SALUTE – Una delle caratteristiche più preoccupanti di HIV è la sua capacità di mutare continuamente e in modo veloce. Se da un lato molte mutazioni sono svantaggiose per il virus, rendendolo non più in grado di replicare, altre sono responsabili di resistenze ai farmaci in uso. Più in generale la grande ‘variabilità genetica’ causata da queste numerose mutazioni rende difficile lo sviluppo di vaccini che possano veramente funzionare. Questa volta invece l’identificazione di una nuova mutazione, chiamata 172K, sembra portare buone notizie: in combinazione con altre mutazioni sarebbe associata a maggiore sensibilità a due classi di farmaci antiretrovirali.
Si tratta di un polimorfismo, cioè di una variante genetica presente in più dell’1% dei ceppi virali circolanti, che viene mantenuta per selezione naturale. In questo caso la prevalenza è del 3% e la sua presenza non interferisce con le normali attività del virus, ad esempio con la sua aggressività e capacità replicativa. Oltre a presentarsi in campioni clinici, quindi prelevati dai pazienti, la mutazione è stata rintracciata anche nei sottotipi usati in laboratorio, come si legge nello studio pubblicato su Journal of Biological Chemistry, e guidato da Stefan Sarafianos, professore di microbiologia e immunologia molecolare alla School of Medicine dell’Università del Missouri.
La mutazione 172K renderebbe il virus più sensibile sia agli inibitori nucleosidici della trascrittasi inversa (NRTI), sia ai non-nucleosidici (NNRTI). La trascrittasi inversa virale è l’enzima responsabile della retrotrascrizione dell’RNA del virus (l’HIV è dotato di un genoma a RNA) in DNA adatto a integrarsi poi nel genoma del paziente per sfruttare la macchina replicativa della cellula dell’ospite. Gli NRTI funzionano con l’inganno: sono simili ai nucleosidi che costituiscono normalmente la catena del DNA ma, inserendosi al posto di un nucleoside ‘normale’, possono bloccare l’ulteriore allungamento della catena. Gli NNRTI agiscono invece bloccando direttamente il sito d’azione dell’enzima.

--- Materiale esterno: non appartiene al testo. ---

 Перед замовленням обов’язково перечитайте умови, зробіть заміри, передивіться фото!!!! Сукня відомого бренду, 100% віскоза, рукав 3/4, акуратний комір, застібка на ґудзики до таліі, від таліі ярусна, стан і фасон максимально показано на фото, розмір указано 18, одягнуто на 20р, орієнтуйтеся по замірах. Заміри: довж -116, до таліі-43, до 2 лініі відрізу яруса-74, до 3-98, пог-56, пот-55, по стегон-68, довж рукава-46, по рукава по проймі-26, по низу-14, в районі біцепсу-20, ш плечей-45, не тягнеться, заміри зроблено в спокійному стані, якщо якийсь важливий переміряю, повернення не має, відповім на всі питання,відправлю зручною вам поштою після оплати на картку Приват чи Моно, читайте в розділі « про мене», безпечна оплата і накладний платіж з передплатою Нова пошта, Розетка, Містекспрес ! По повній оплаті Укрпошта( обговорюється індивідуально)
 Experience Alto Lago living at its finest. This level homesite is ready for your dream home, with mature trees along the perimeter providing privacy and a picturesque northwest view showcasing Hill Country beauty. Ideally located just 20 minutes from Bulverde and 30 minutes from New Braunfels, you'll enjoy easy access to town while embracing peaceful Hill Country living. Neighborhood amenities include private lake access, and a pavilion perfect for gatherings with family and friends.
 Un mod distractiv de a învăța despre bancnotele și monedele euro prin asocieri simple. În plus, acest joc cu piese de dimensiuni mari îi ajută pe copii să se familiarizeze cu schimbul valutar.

Le terapie antiretrovirali sono costituite da un cocktail di farmaci, studiati dai medici in base alle caratteristiche del paziente, alla fase della malattia e alle peculiarità del ceppo virale: per questo esistono database costruiti per permettere agli infettivologi di verificare il significato delle mutazioni e resistenze riscontrate nel singolo paziente. “La nostra scoperta, commenta Sarafianos, sarà di grande utilità ai medici perché verrà integrata in questo database. Quando scopriranno che il loro paziente è stato infettato da sottotipi di HIV che portano il polimorfismo 172K, in unione ad altre mutazioni, sapranno anche di poter fare affidamento su queste due classi di farmaci, NRTI e NNRTI”.

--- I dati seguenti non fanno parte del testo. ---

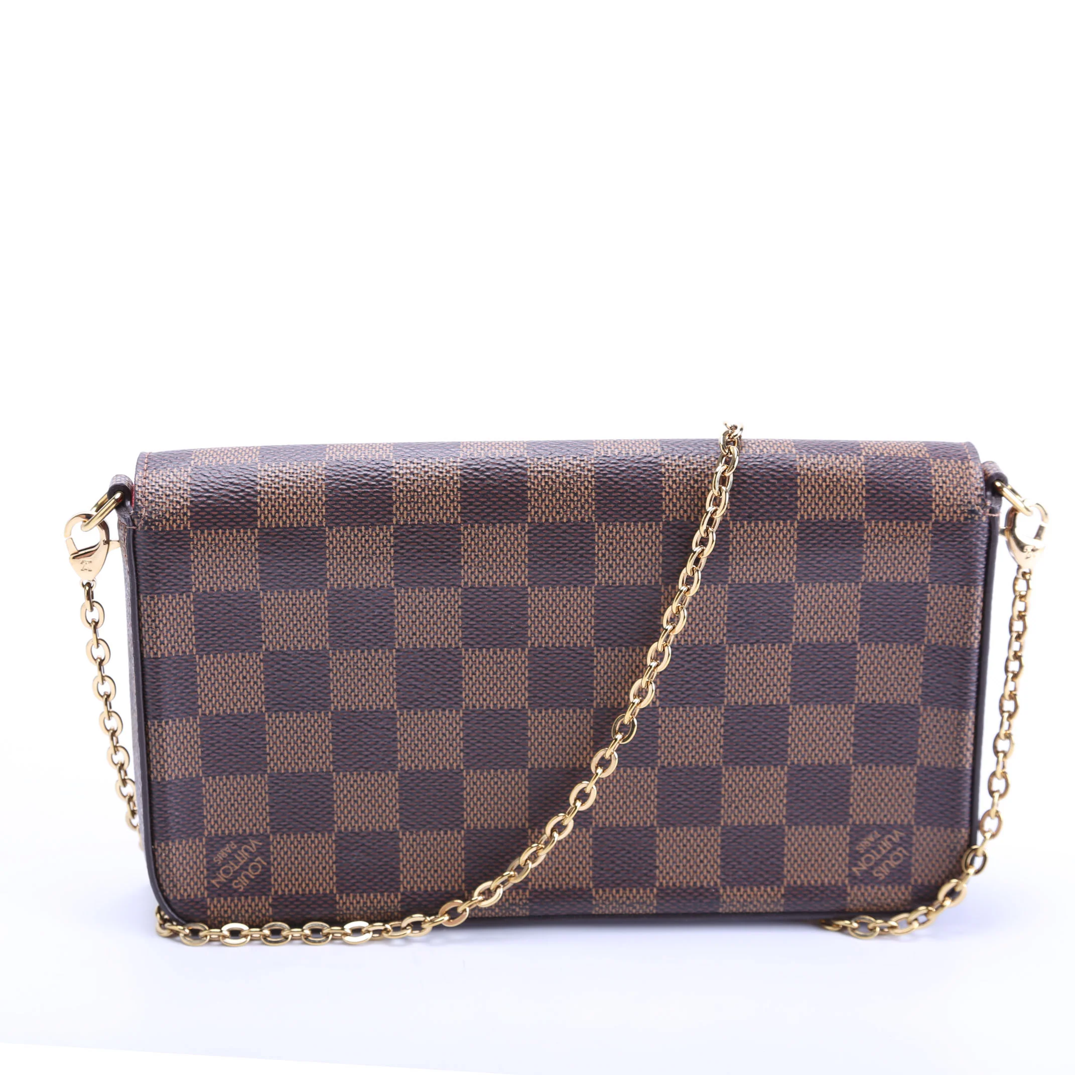 This pre-owned Louis Vuitton Pochette Felicie is guaranteed 100% authentic. The exterior is in the classic Louis Vuitton Damier Ebene coated canvas.
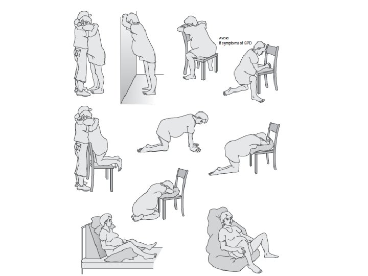 Unilateral weight-bearing activities • Weight bearing on one leg (which includes slouched standing with the majority of weight shifted to one leg and the pelvis tilted down on the opposite side) during pregnancy can cause sacroiliac joint irritation and should be avoided by women with preexisting sacroiliac joint symptoms. • Unilateral weight bearing also can cause balance problems because of the increasing body weight and shifting of the center of gravity. • This posture becomes a significant problem postpartum when the woman carries her growing child on one hip. Any asymmetries become accentuated, and painful symptoms may develop.
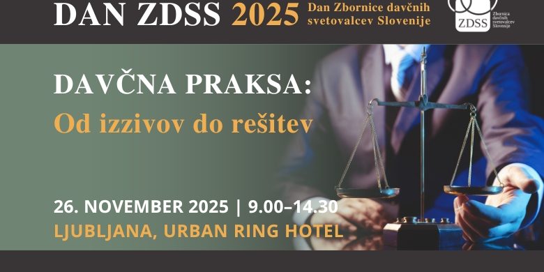 Zbornica davčnih svetovalcev Slovenije (ZDSS) vas vabi na Dan ZDSS 2025, osrednji strokovni dogodek za davčne svetovalce in vse, ki se pri svojem delu srečujejo z davčno zakonodajo.
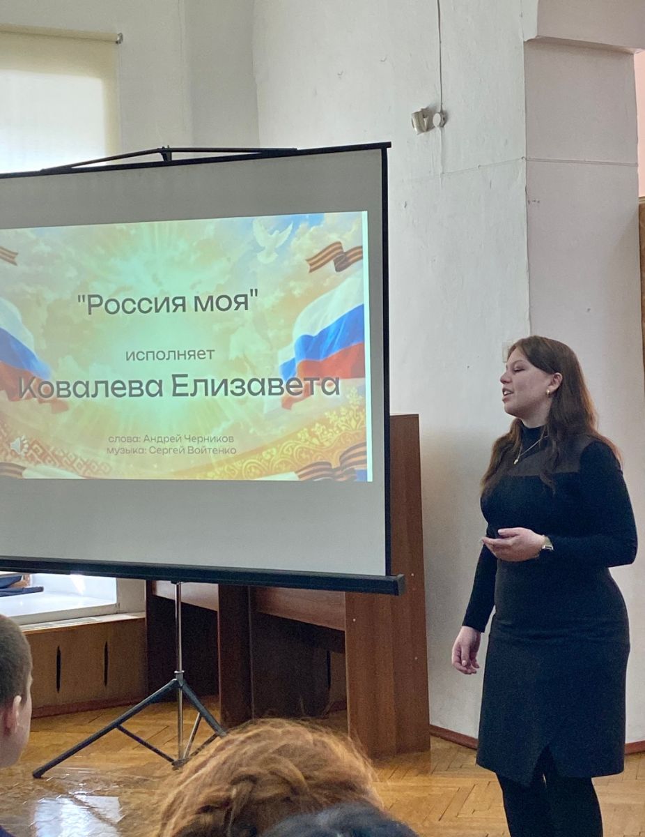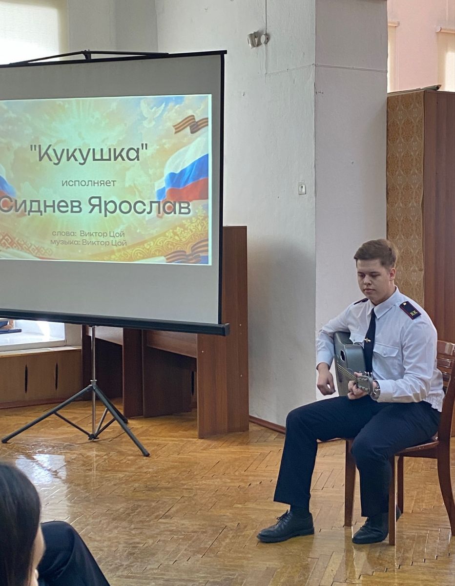 Зрителям были предложены песни «Россия моя», «Одного» исполнении Ковалевой Елизаветы (Юр-23-1) и песня «Кукушка» в исполнении Сиднева Ярослава (Кадетский класс).

Massimo Galli, professore di malattie infettive dell’Università di Milano all’Ospedale Sacco, ha così commentato questo studio: “Sarafianos e collaboratori hanno condotto uno studio in vitro molto interessante, ma non è detto, purtroppo, che la maggior suscettibilità in vitro agli NNRTI e NRTI dei ceppi portatori di certe mutazioni, se associate a 172k, si rifletta nel mantenimento di una soddisfacente risposta terapeutica in vivo. Per quanto riguarda in particolare gli NNRTI, basta una sola mutazione della trascrittasi inversa in una delle posizioni strategiche per il conferimento di resistenza per renderli inefficaci. Il fatto stesso che esistano ceppi da pazienti e di laboratorio che portano sia questo polimorfismo, sia le mutazioni conferenti resistenza, ci dice che la presenza di 172k non impedisce che, in condizioni particolari, come ad esempio un’insufficiente adesione alla terapia, con troppe ‘vacanze terapeutiche’ o dimenticanze, si selezionino queste mutazioni. Bisognerà comunque capire, ma ci vorranno studi nei pazienti, se la casuale presenza di questo polimorfismo in un virus ‘selvaggio’, isolato cioè in pazienti che non hanno ancora assunto alcun farmaco, possa rappresentare un fattore predittivo per un più frequente successo terapeutico degli NNRTI”.